<<<<

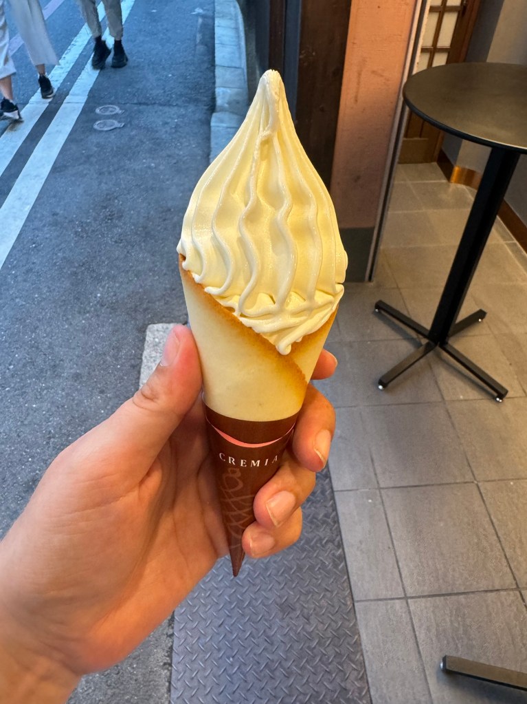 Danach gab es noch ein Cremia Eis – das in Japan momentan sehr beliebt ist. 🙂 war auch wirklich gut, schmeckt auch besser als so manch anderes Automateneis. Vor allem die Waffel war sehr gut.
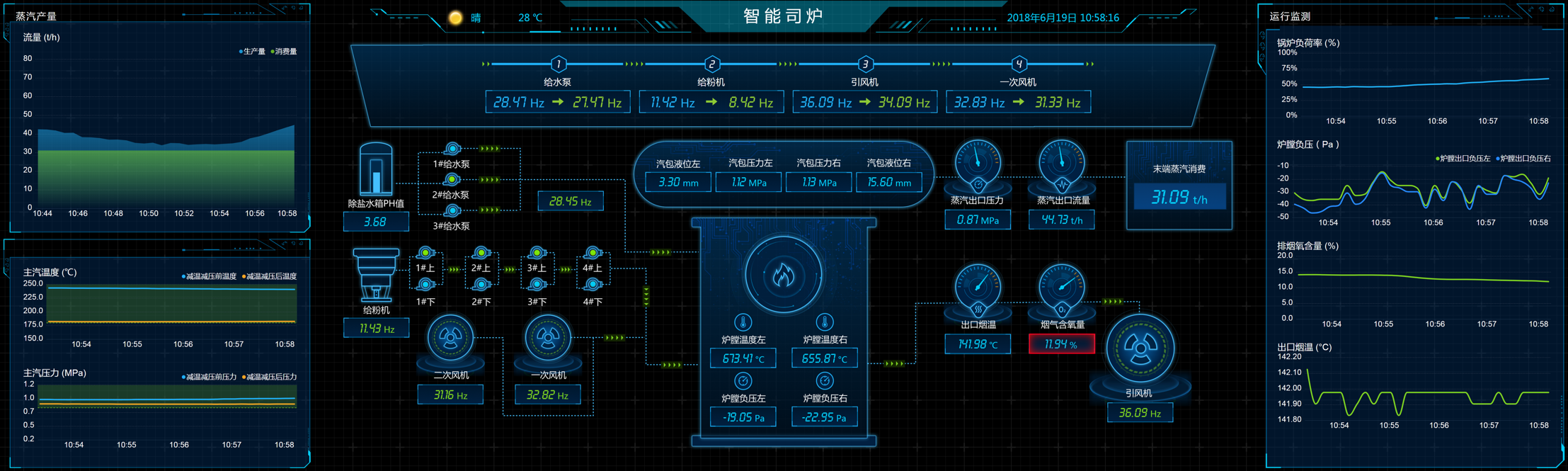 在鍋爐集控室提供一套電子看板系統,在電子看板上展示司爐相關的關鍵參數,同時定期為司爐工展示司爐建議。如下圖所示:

>>>>
<<<<

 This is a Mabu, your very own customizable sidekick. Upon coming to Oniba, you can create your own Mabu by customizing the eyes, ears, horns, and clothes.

>>>>
<<<<

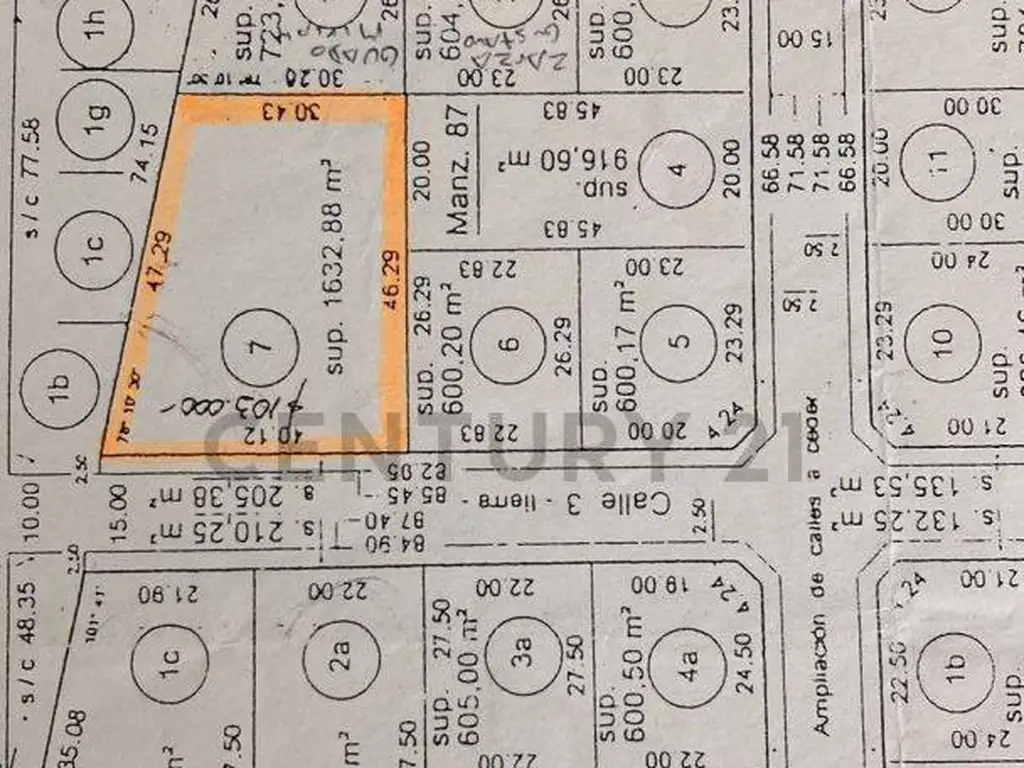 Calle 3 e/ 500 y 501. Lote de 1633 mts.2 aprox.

>>>>

◆ WHAT TO DO: Line for line, output the entries above from the line with "Danach gab es" to the line with "在鍋爐集控室提供一套電子看板", both included, and nothing more. Skip pictures.

◆ SOLVED EXERCISE:
 Danach gab es noch ein Cremia Eis – das in Japan momentan sehr beliebt ist. 🙂 war auch wirklich gut, schmeckt auch besser als so manch anderes Automateneis. Vor allem die Waffel war sehr gut.
 在鍋爐集控室提供一套電子看板系統,在電子看板上展示司爐相關的關鍵參數,同時定期為司爐工展示司爐建議。如下圖所示:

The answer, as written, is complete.